Insulin is the hormone that helps convert carbohydrates into glucose. If your diet comprises of too many refined foods and fast carbs, it can lead to raised levels of insulin in your bloodstream and, eventually, insulin resistance. This, in turn, can cause a drop in sex hormone-binding globulin (SHBG). It is SHBG that acts as an ‘escort’ for sexual/reproductive hormones. In men, a lowered level of SHBG means reduced testosterone, whereas in women it means reduced oestrogen. Therefore, good insulin balance is essential for maintaining healthy levels of the sexual/reproductive hormones.
One of the best ways to improve libido and fertility is to have a balanced, nutrient-rich diet: low glycemic whole grains, quality proteins (animal products should always be organic) and quality fats (coconut and olive oil, avocado, butter) – plus 60% of your daily intake should be fresh fruits and vegetables.
REST AND PLAY
Rest is something you need to make time for, so you can have an oasis of a day without an agenda – nothing scheduled – to lie in, enjoy leisurely lovemaking, take afternoon naps, order a healthy takeaway, watch a video, read a book. It is a quiet time to let the body and soul regenerate.
Lovemaking aside, it is important to find the activities and events that put you into a playful frame of mind – that childlike ability to be lost in the moment and follow your intuitive desires. Play is in the present, and play will always make you laugh and smile.
LOVEMAKING VS BABYMAKING
Being unable to conceive can be a highly stressful experience. As each month progresses without a positive result, it is all too easy to sink into the gloom of losing hope.
Stress is one of the greatest inhibitors for reproductive balance, so by putting the emphasis back on seduction, you can enhance your capacity to conceive.
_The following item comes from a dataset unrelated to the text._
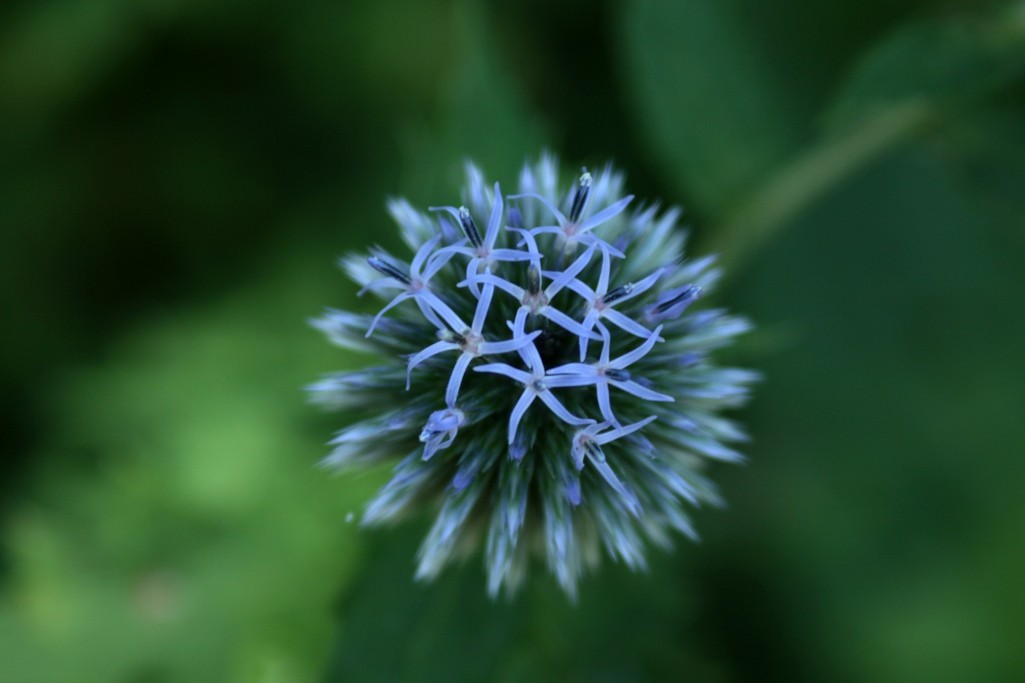 夜空でぱっと広がる青い打ち上げ花火のようですね。アザミの一種なのですね?

It’s vital to turn the tide on sex as a sperm delivery system. Women: always remember that periods are a good opportunity for trying something different, such as oral sex. Let him know how much you care about him as your sexual partner, while setting up the vibe that is going to lead you towards ‘hot and horny’ for ovulation.
Men: remember to drive up her ‘want’ radar with plenty of cherishment all through the cycle and let care be the underlying driver to amplify both of your libidos.
Read more: Sex quiz — how satisfied are you?
FIND YOUR BALANCE
5 sex-habits to boost fertility
1. Teasing, tantalising and titillating
Remember how you felt when you first met? Focus on all the ways you want to seduce your lover and fall back into the habit of constant touching to rekindle that oxytocin-led desire.
Find the keys that unlock your lover’s most avaricious desires.
Send your partner snippets of the words (or pictures) that make you feel horny. Build excitement as you help your lover discover your needs and desires and keep the anticipation going until you see them.
3. Free rein your fantasies
Role play can be a great liberator. Donning a costume and inhabiting a persona can help you to lose your inhibitions and indulge in sexual exploration. Play!
4. Do it on an empty stomach
A full stomach inhibits sexual response. Make love first, eat later – your libido will rise more easily when you’re not busy digesting. Come to your next meal replete and with a great appetite!
Just as important as foreplay, loving touches in the afterglow of lovemaking will help to set that ‘want’ radar in action for the future.